No Ivory Tower examines the effects of the current neoconservative
agenda on the Canadian university. More specifically, it considers the
dangers of applying American models to Canadian institutions. The book
provides an excellent diagnosis of just what seemingly benign notions
like privatization and private-sector involvement in public institutions
mean, and what their implications can be.

The author, a former American now teaching public administration and
political theory at York University, does an effective job of
delineating the structural and ideological differences between the two
countries, and provides a useful conceptualization of just how much of
the new agenda we should accept and what must be resisted. Clearly he is
not overly impressed either with the private sector’s motivation or
with its effectiveness once it enters the domain of public institutions
and programs. This analysis is the strength and utility of the book,
notwithstanding a somewhat challenging academic writing style.

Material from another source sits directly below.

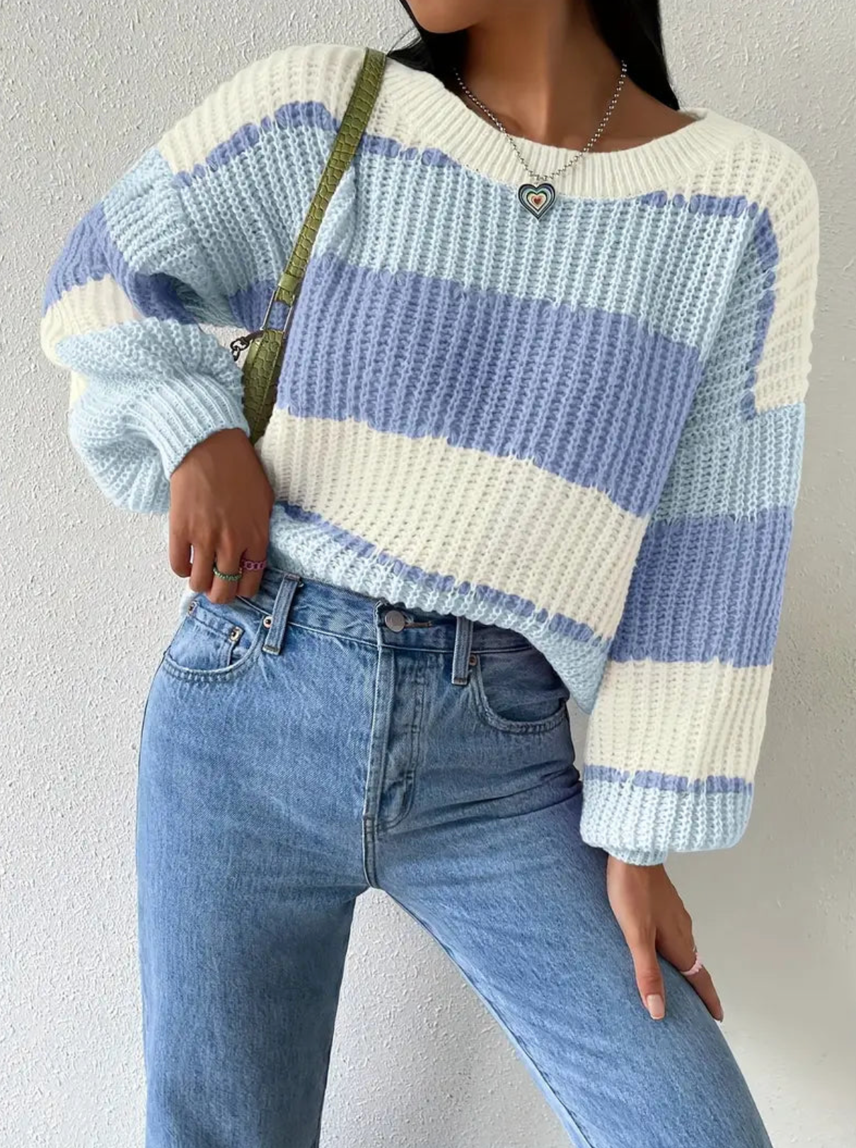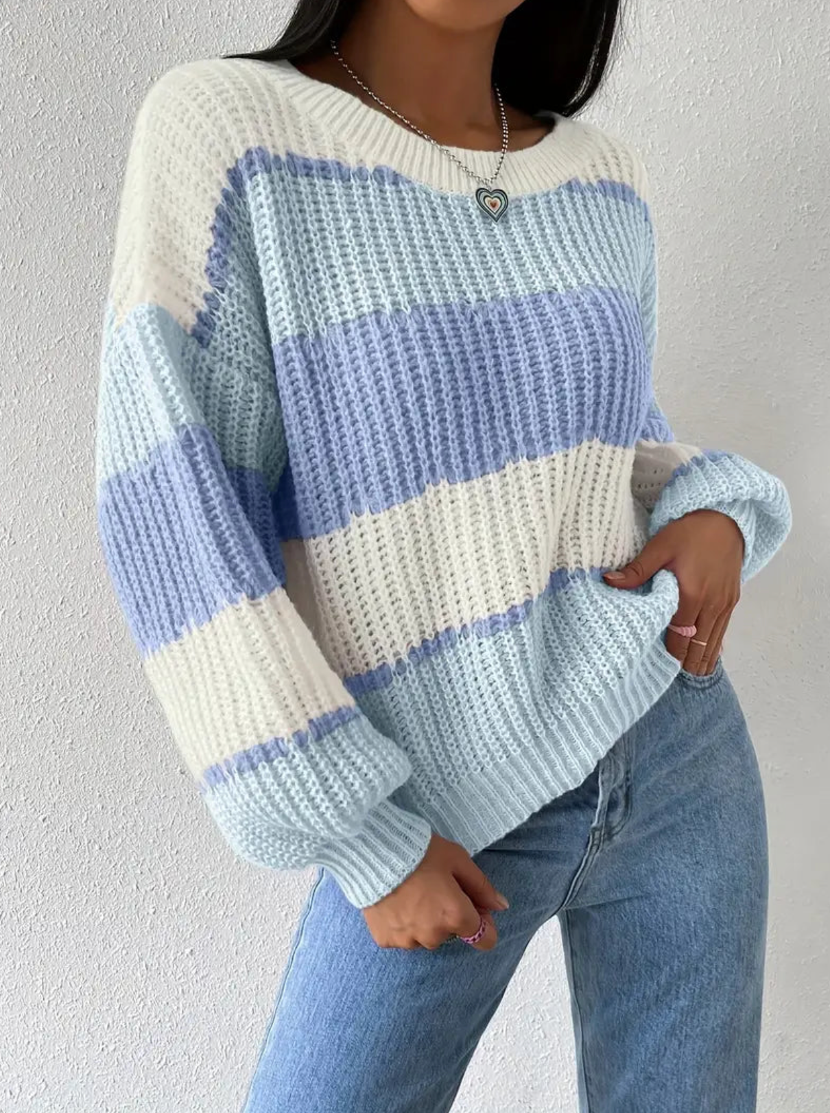 Sweter w szerokie pasy w odcieniach białego z niebieskim Niebieski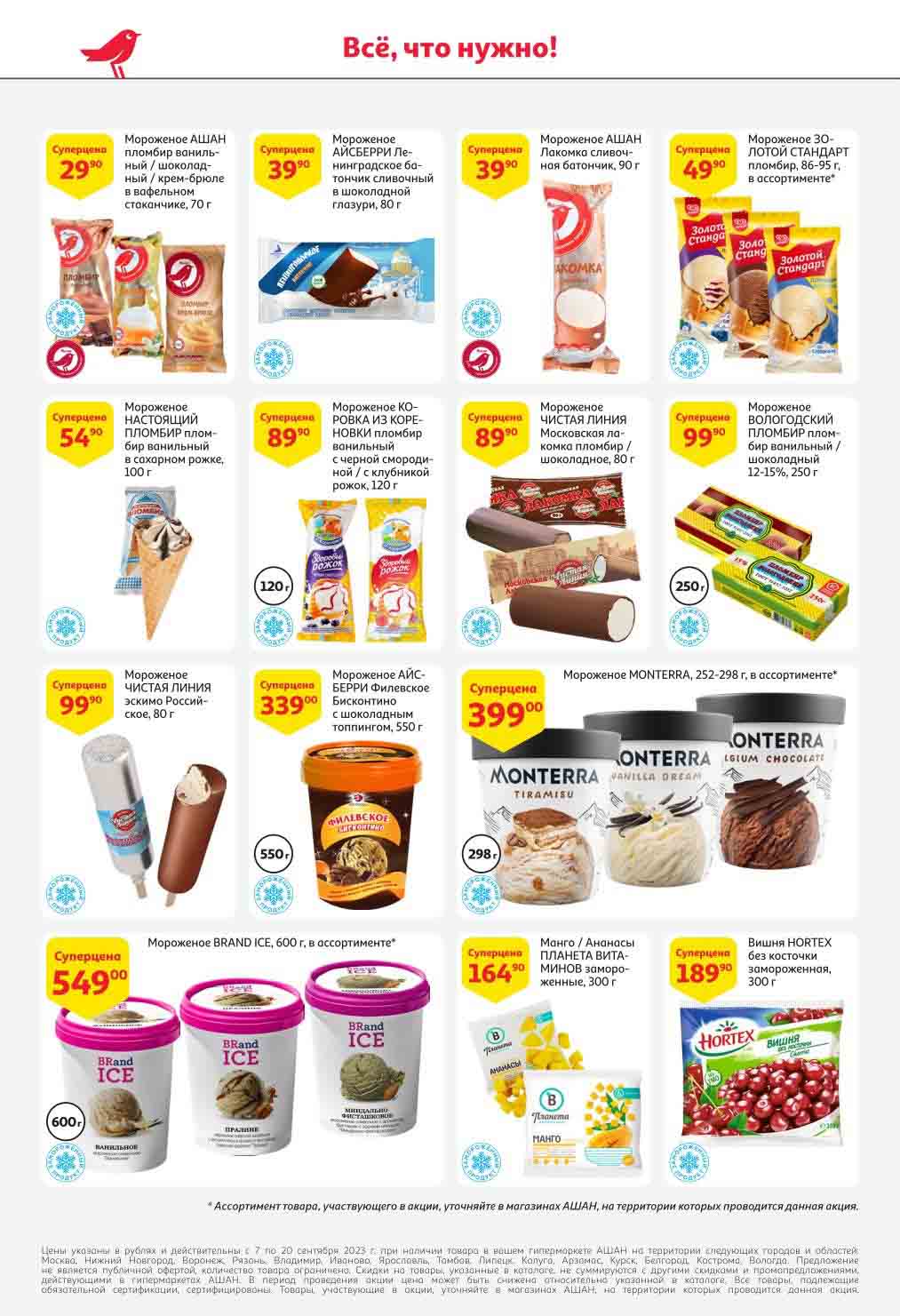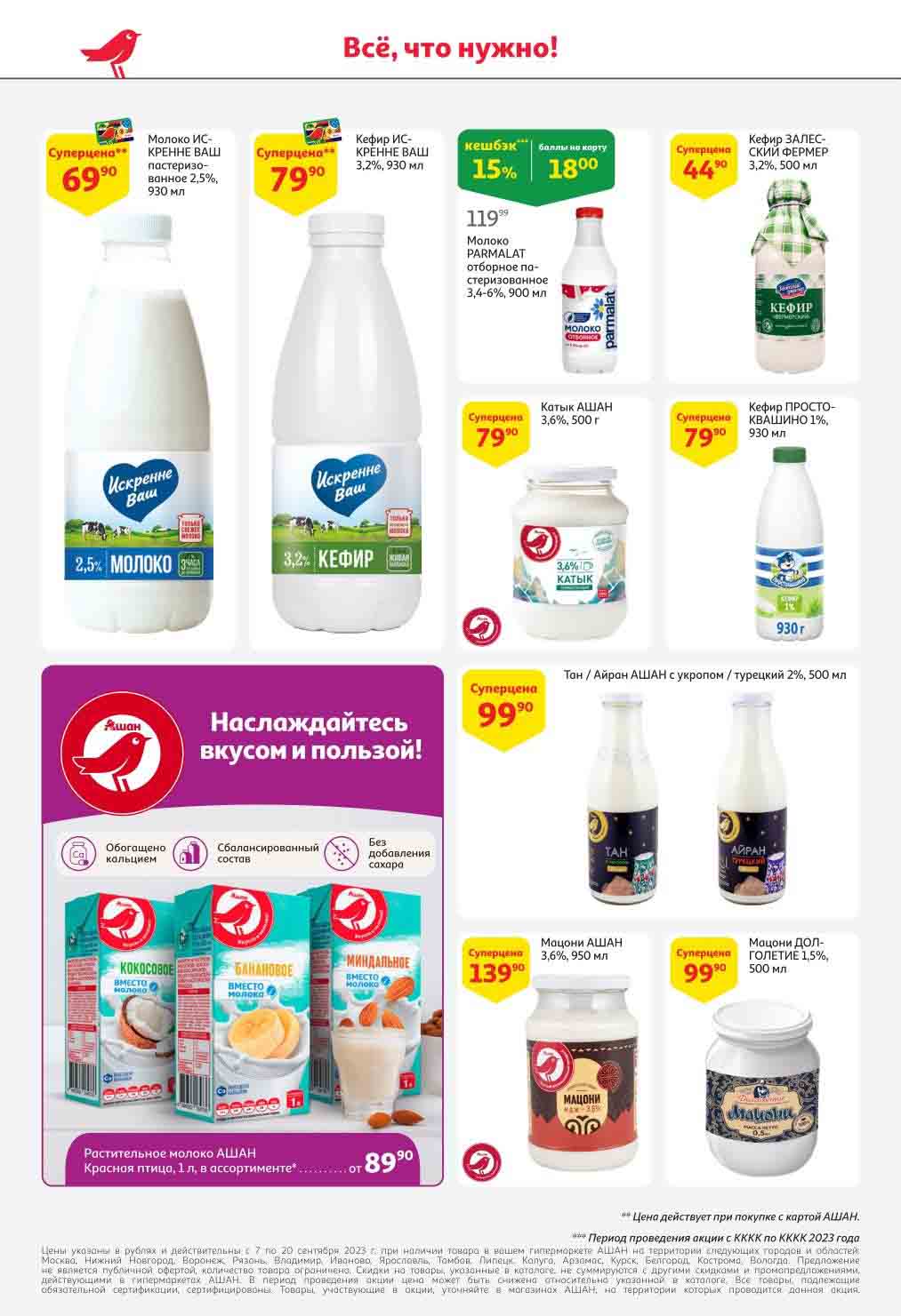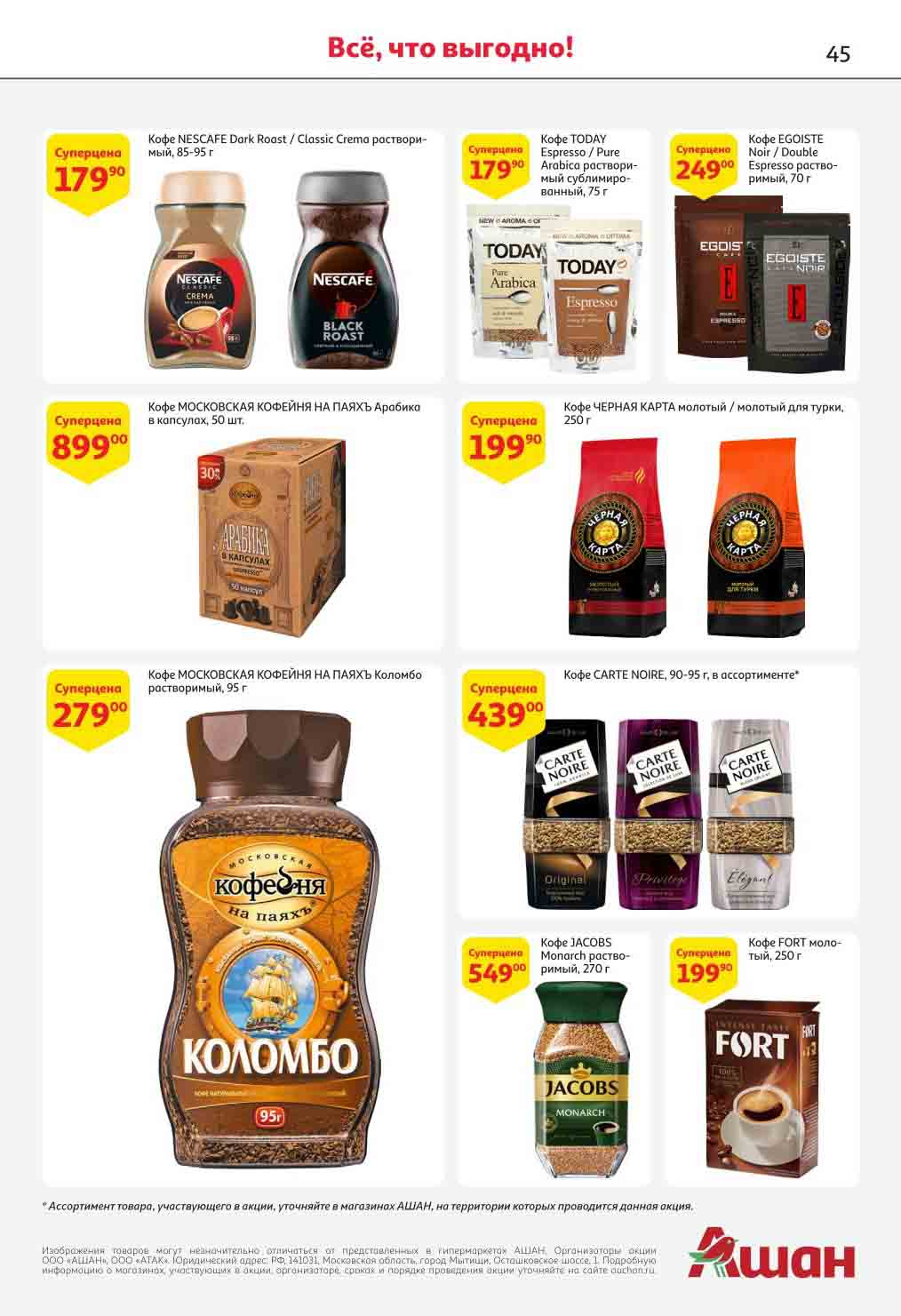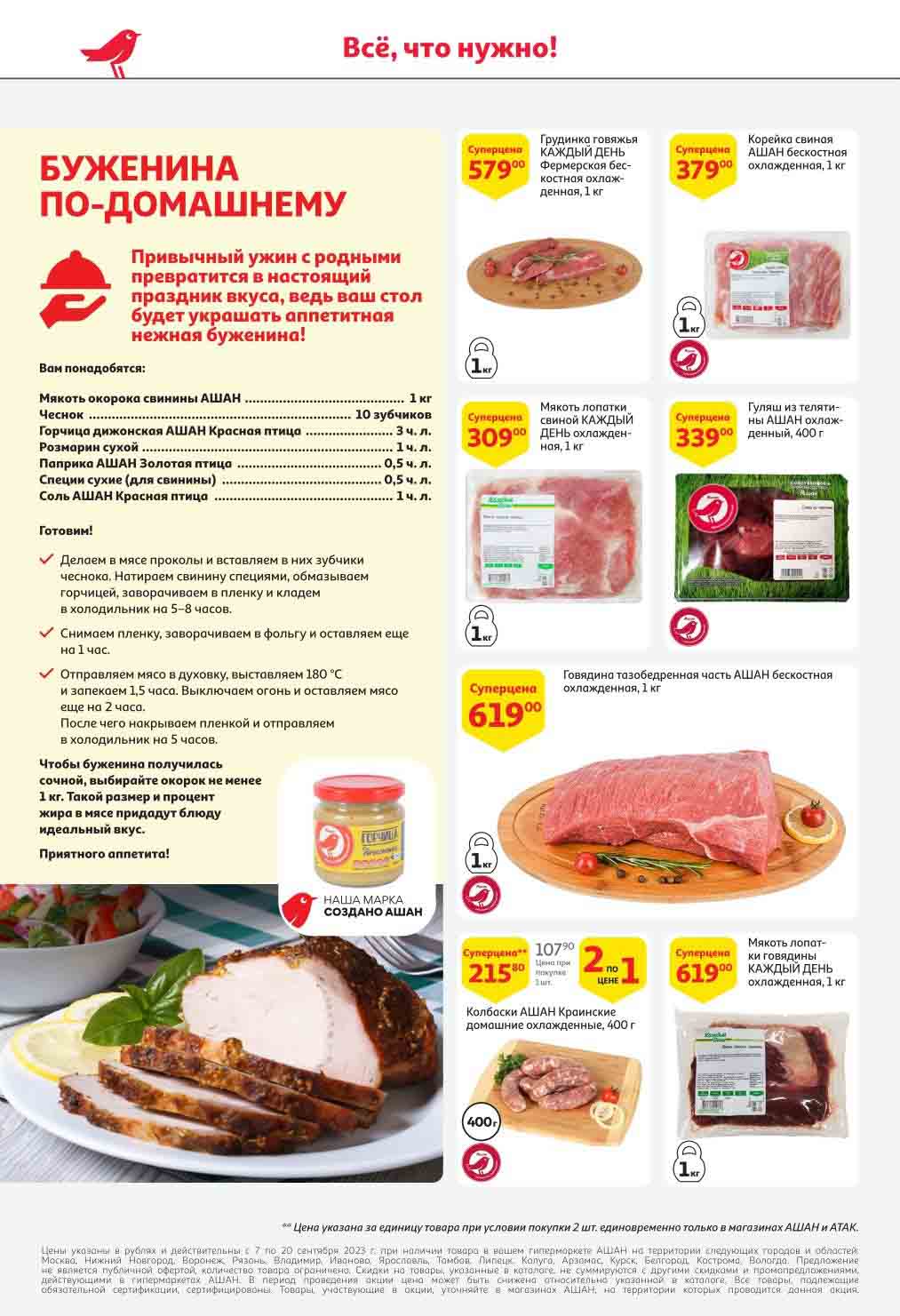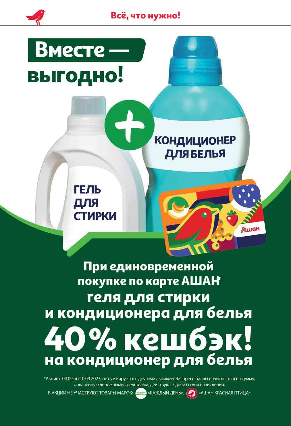 На страницах каталога Ашан вы найдете все свои любимые продукты, которые сейчас предлагаются в супермаркете. Не пропустите последние специальные предложения и сэкономьте на покупках. Предложение действительно при наличии товара на прилавках. Скидки на товары, указанные в каталоге, не суммируются с другими скидками. Изображения товаров могут незначительно отличаться от представленных на полках. Цены по акции Ашан действуют в городах: Москва. Балашиха. Химки. Подольск. Королев. Мытищи. Люберцы. Электросталь. Коломна. Одинцово. Железнодорожный, Серпухов, Орехово-Зуево. Красногорск, Щелково, Сергиев Посад, Пушкино. Жуковский, Ногинск, Раменское и многих других населенных пунктах Московского региона.

Wilson attempts as well to comment on the internal processes of the
university and to offer various solutions to its current problems. These
forays are limited in their usefulness, since they do not take adequate
cognizance of the available body of higher-education scholarship. It is
Wilson’s assessment of the neoconservative forces and influences that
makes his book a valuable addition to the public debate over the nature
and future of Canadian public institutions in general and the Canadian
university in particular.

Citation

Wilson, H.T., “No Ivory Tower: The University Under Siege,” Canadian Book Review Annual Online, accessed November 22, 2024, https://cbra.library.utoronto.ca/items/show/2311.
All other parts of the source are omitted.